Residency is a famous housing complex with many well-established individuals among its residents. A recent survey conducted among the residents of the complex revealed that all of those residents who are well established in their respective fields happen to be academicians. The survey also revealed that most of these academicians are authors of some best-selling books.
Based only on the information provided above, which one of the following statements can be logically inferred with certainty?

• A. Some residents of the complex who are well established in their fields are also authors of some best-selling books.
• B. All academicians residing in the complex are well established in their fields.
• C. Some authors of best-selling books are residents of the complex who are well established in their fields.
• D. Some academicians residing in the complex are well established in their fields.

Hint:

In logical deduction, break down premises using set notation (e.g., All X are Y means X \(\subset\) Y). The word "most" implies "some". Be wary of converse errors (All X are Y does not mean All Y are X). If multiple options seem correct, re-read the question carefully for subtle distinctions.

Answer 1

The Correct Option is A

Step 1: Understanding the Concept:
This is a logical deduction question based on syllogisms.
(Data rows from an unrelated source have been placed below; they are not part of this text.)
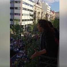 La protagonista es la granadina Estrella Morente, quien desde un balcón en la Gran Vía le canta a la Virgen del Sacromonte tras su salida el pasado Miércoles Santo.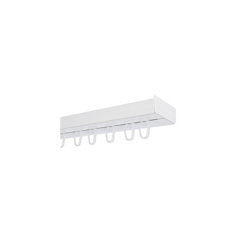 Kiváló minőségű és ár-érték arányú, fehér színű, egy soros műanyag mennyezeti sín - függönykarnis szett, függönyök rögzítéséhez.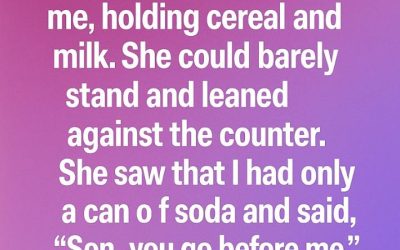 An elderly woman—well into her eighties—stood in line ahead of me, clutching a small box of cereal and a carton…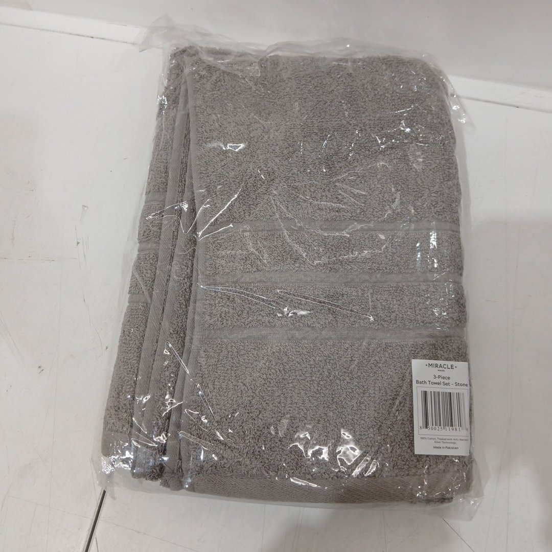 3PC MIRACLE MADE BATH TOWEL SET - STONE GREY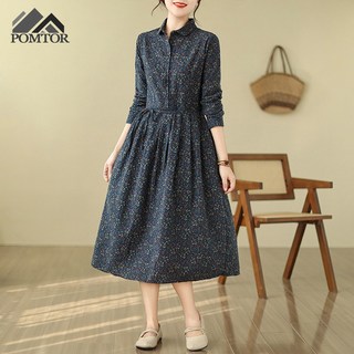 POMTOR 봄 가을 여성 플라워 긴팔 원피스 면 린넨 터틀넥 허리 조임 미디 체형커버 원피스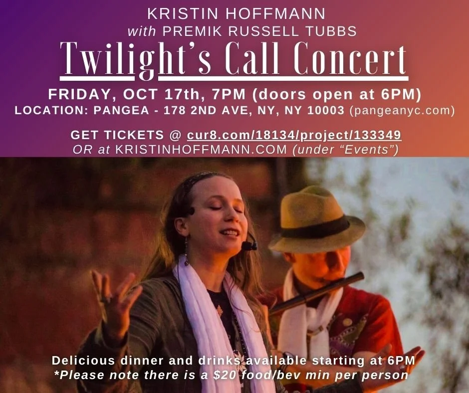 Feel the haunting ethereal beauty of Twilight’s Call, a concert to inspire the soul and renew the spirit! Kristin will be joined by acclaimed multi-instrumentalist Premik Russell Tubbs on flute, sax, lap steel, and wind synth. Let the music entrance you into the realms of mystery and heavenly beauty.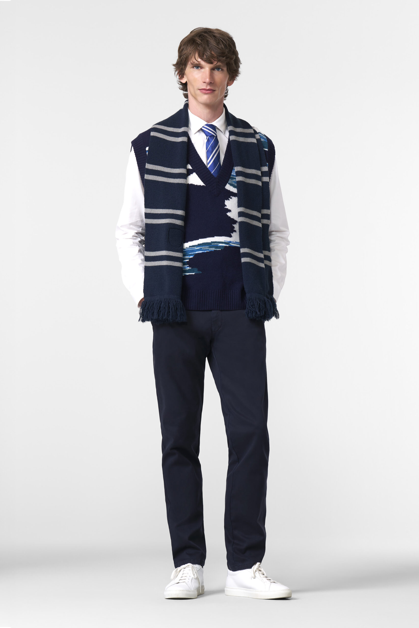 Meyer Navy Autumn Weight Fine Texture Chino Trousers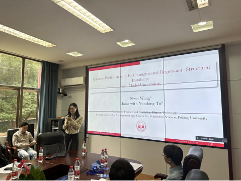 韩漫 汪思韦老师带来了题为“Quantile Prediction with Factor-augmented Regression: Structural Instability and Model Uncertainty”的报告。她从金融市场研究的现实需要出发,提出一种时变因子增广分位数模型平均预测方法,研究其大样本性质,并且与其他一些预测方法进行了对比,验证了其方法的预测准度。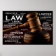 En trädomares gavel över en svart bakgrund och många ord som beskriver rättsindustrin.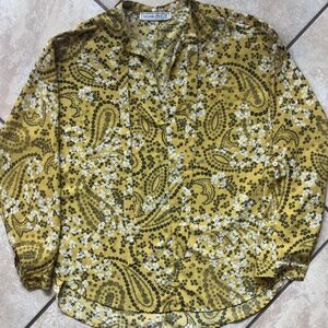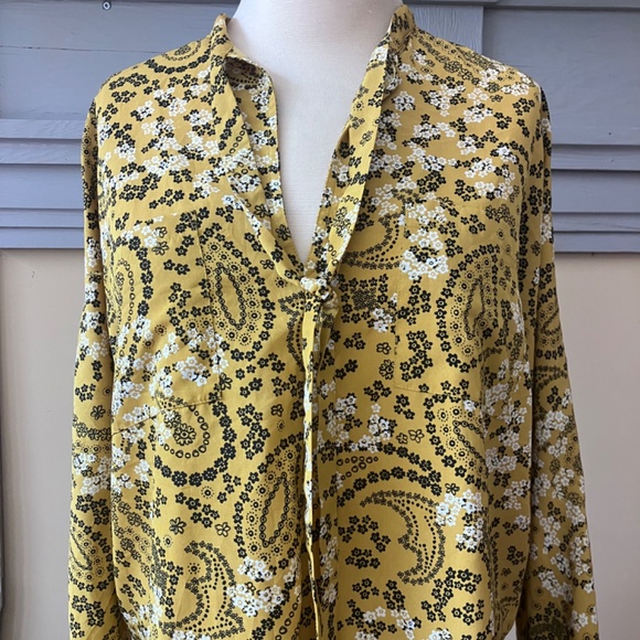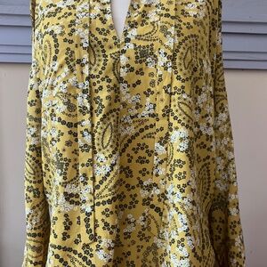 Beautiful Abercrombie & Fitch women’s blouse in a yellow, black, and white delicate floral print. Features a v-neckline with tie detail, adjustable sleeves, and two breast pockets. Lightweight and flowy, perfect for layering. Easy to dress up with trousers or a skirt for the office, or pair with jeans for a chic casual look.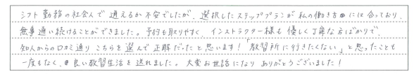 シフト勤務の社会人で通えるか不安でしたが、選択したステッププランが私の働き方には合っており、無事通い続けることができました。予約も取りやすく、インストラクター様も優しく丁寧な方ばかりで、知人からの口コミ通りこちらを選んで正解だったと思います!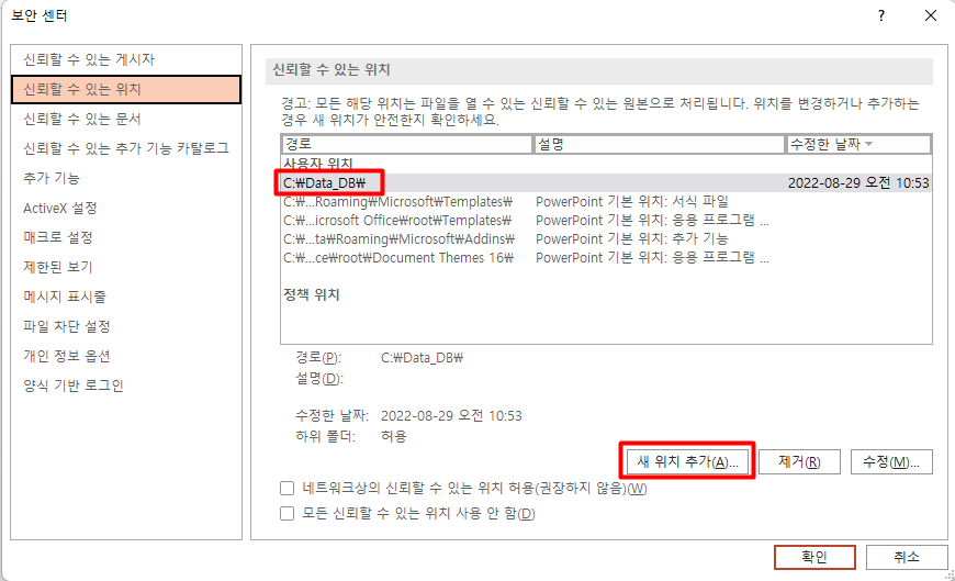 하위폴더까지 허용을 클릭하고 난 후 파워포인트를 재실행하면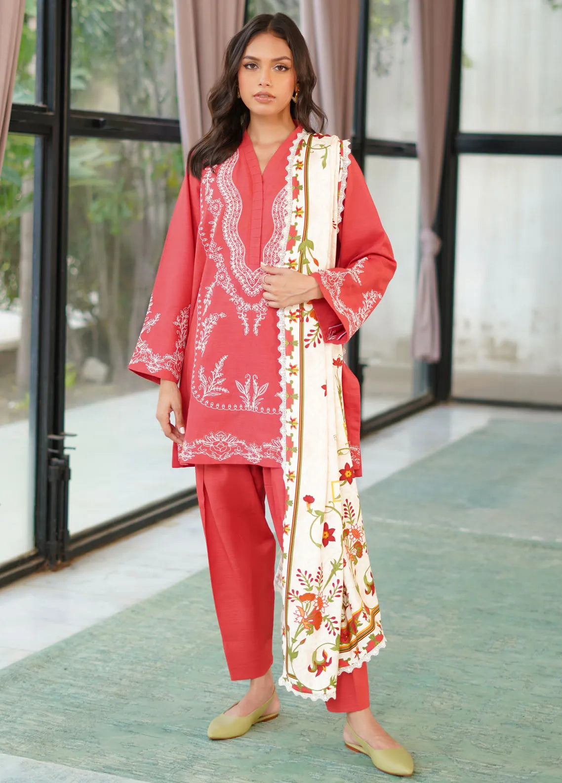 Embroidered Khaddar 3 Piece Suit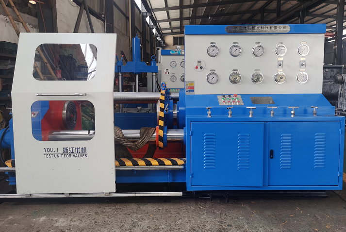 JWT型頂壓式閥門試驗(yàn)臺是我公司在多年生產(chǎn)閥門檢測設(shè)備經(jīng)驗(yàn)的基礎(chǔ)上自主研發(fā)的新一代頂壓式閥門測試臺并擁有國家技術(shù)專利知識產(chǎn)權(quán),專利號ZL2016 1 0240324.1.專為解決閥門制造廠、閥門使用等單位對無法蘭式<J61、J63、Z61>等閥門和法蘭式各種類閥門能在一機(jī)上進(jìn)行檢測試驗(yàn)的要求,按照《通用閥門的壓力試驗(yàn)》和《閥門的試驗(yàn)與檢測》的標(biāo)準(zhǔn)規(guī)范要求。本機(jī)集液壓、機(jī)電、試壓及液體介質(zhì)貯存循環(huán)使用于一體,具有結(jié)構(gòu)合理、功能完善、操作方便等特點(diǎn),廣泛用于公稱通徑DNl5-800mm各類高中低壓閥門的強(qiáng)度和密封。性能試驗(yàn)。最高密封試驗(yàn)壓力32.0MPa,強(qiáng)度試驗(yàn)48.0MPa。本設(shè)備廣泛用于閥門制造業(yè)和石油、石化、核電、化工等使用、閥門維修部門等單位的一種先進(jìn)理想的閥門檢測設(shè)備,主要用于閥門強(qiáng)度試驗(yàn)和閥門密封試驗(yàn)。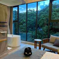 除了民宿本身的猫猫们,你也可以带你的猫猫狗狗一起来度假,而如果有带宠物的话会住在二楼的房间,没带宠物的话会住在三楼的房间,当初完全是被浴缸和浴缸外的山景吸引,而房间的设计也非常特别,整理的也很乾净,可以亲自去住一晚体验看看!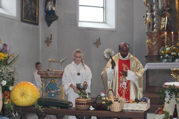 | Pater Alfons bei der Segnung der Erntegaben | |||||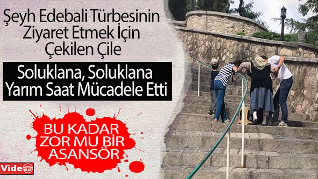 Adı öğrenilemeyen ve yaşı tahminen 80 olan yaşlı bir teyze, Şeyh Edebali’yi ziyaret etmek için yaklaşık yarım saat çile çekti. Yanında oğlu ve biri kız iki torunu ile türbeye çıkmak isteyen yaşlı teyze, dik merdivenleri çıkarken torununun taşıdığı tabureye oturarak dinlendi. Dakikalar sonra sonra türbeye ulaşan yaşlı teyzenin bu zorluğu karşı gösterdiği çaba, bir vatandaş cep telefonu tarafından görüntülenirken, vatandaşlar yetkililerden bir an önce türbeye bir asansör yapılmasını talep ettiler.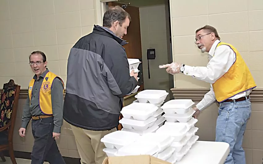 Pictured Above: Dave Lee, left, and Ken Knopp, right, help Jeff Dungan with his carryout plates at a previous event. | File Photo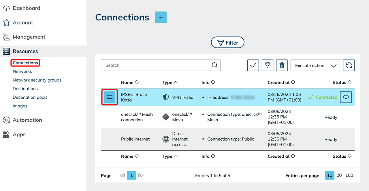 - Suchen Sie die gewünschte VPN-Verbindung in der Liste. Klicken Sie in der entsprechenden Zeile auf das Listen-Symbol, um die Detailansicht zu öffnen.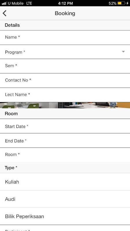 Class Reservation Mobile Application system is an android mobile application that helps the student and staff to reserve a classroom. The system must have a database which contains the user information, it must be able to accurately give the class information such as the timetable and also have a nice interface to make it easier to use.

We need to analyze the given premises and determine which conclusion can be inferred with absolute certainty.
Step 3: Detailed Explanation:
Let's break down the premises:
Let R be the set of residents of the complex.
Let WE be the set of residents who are well-established in their fields.
Let A be the set of residents who are academicians.
Let B be the set of residents who are authors of best-selling books.
Premise 1: All of those residents who are well established in their respective fields happen to be academicians.
This means: All WE are A. (The set WE is a subset of the set A).
Premise 2: Most of these academicians are authors of some best-selling books.
The phrase "these academicians" refers back to the ones who are well-established (from Premise 1).
So, this means: Most (WE who are A) are B. Since all WE are A, this simplifies to: Most WE are B.
The term "most" implies "some" and is stronger than "some". If "most" WE are B, it is certain that at least "some" WE are B.
Now let's evaluate the options:
(A) Some residents of the complex who are well established in their fields are also authors of some best-selling books.
This statement is: Some WE are B. As derived above from Premise 2 ("Most WE are B"), this is a certain inference.
(B) All academicians residing in the complex are well established in their fields.
This statement is: All A are WE. Premise 1 states All WE are A. This is the converse, which is not necessarily true. There could be academicians who are not well-established.
(C) Some authors of best-selling books are residents of the complex who are well established in their fields.
This statement is: Some B are WE. This is equivalent to Some WE are B, which we already established as true from (A). This is also a valid inference.
(D) Some academicians residing in the complex are well established in their fields.
This statement is: Some A are WE. Since we know WE is a non-empty set (the premise talks about them) and all WE are A, it must be true that some A are indeed WE. This is also a valid inference.
Step 4: Final Answer:
Based on strict logical deduction, options (A), (C), and (D) are all correct. This ambiguity is why the official key was likely MTA. If forced to choose the best inference, (A) is the most direct conclusion from the premises.
Step 5: Why This is Correct:
The statement "Most well-established residents are authors" directly and certainly implies that "Some well-established residents are authors". The other options, while also logically derivable, might be considered less direct inferences, but their validity makes the question ambiguous.